Inflammation and neurodegeneration in the CNS diseases focusing on multiple sclerosis (MS)
Multiple sclerosis (MS) is an autoimmune disease that causes damage to the nerve fibers of the central nervous system (CNS), which is the basis for the permanent neurological disabilities that many patients eventually will develop. Inflammation also occurs in purely mechanical injuries such as traumatic brain injury, which may contribute to worsening of the initial nerve damage. Currently we have an incomplete understanding of how inflammation in the nervous system is regulated and what significance it may have for ensuing nerve injury.
Starting from a purely preclinical project, in which the importance of genetic factors in experimental models of nerve injury and inflammation have been identified, the program now involves translational research in both experimental preclinical models and human diseases, where the main focus is on MS.
One of the most important clinical shortcomings of current MS treatment is that while we have gained access to increasingly effective disease modulatory drugs for the initial relapsing remitting phase of MS, treatment results in later, progressive stages remain disappointing.
Within the current project we have identified biomarkers for various disease processes that reflect what happens in the blood and brain tissue. We also use experimental models to understand in what molecular processes these biomarkers are involved in. Similarly, we use biomarkers to gain insights into mechanisms of action and to monitor treatment outcomes with our disease-modulating treatments. Uniquely in Sweden a drug not formally approved for MS (Mabthera/Rituxan) has become one of the most frequently used, in part through observational data provided by us. We will now start a large national follow-up program for people newly diagnosed with MS involving all Swedish university clinics and with funding from the US foundation Pcori. The study aims to generate information on safety and efficiency of MS treatments over longer time periods than is possible in traditional randomized trials and also to engage patients in the conduction of the study to a high extent.

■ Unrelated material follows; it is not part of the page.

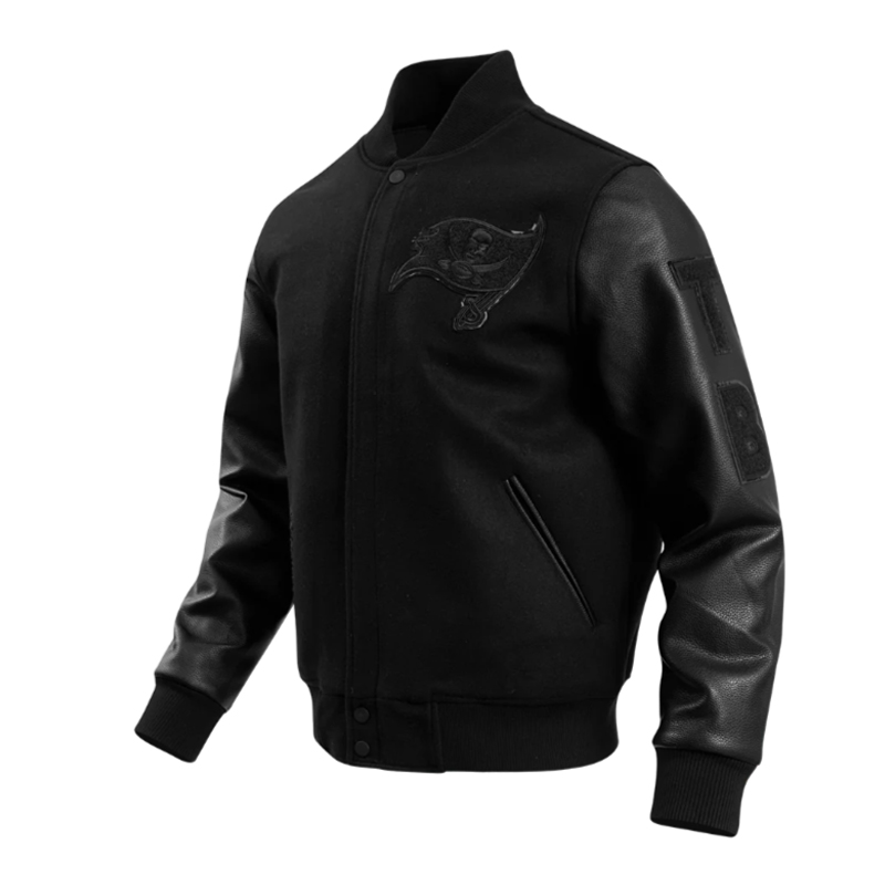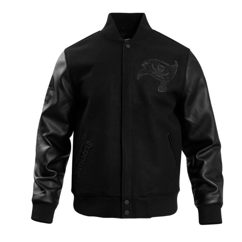 Tampa Bay Buccaneers Triple Black Varsity Wool/Leather Jacket

A side project is to study if MabThera/Rituxan is superior to traditional treatment for patients newly diagnosed with myasthenia gravis (MG), an autoimmune disease of the nerves in which inflammation disrupts the signaling between nerves and muscles. The study Rinomax, which has received support from the Medical Research Council (clinical treatment research), randomize individuals with new-onset MG to either MabThera/Rituxan or placebo. Biomarker research is also conducted in MG to better understand underlying immunological disease processes.
Genetic regulation of neurodegeneration and inflammation in experimental modeler for nerve damage.
Identification of biomarkers in various disease stages of MS, in traumatic brain injury and psychiatric diseases.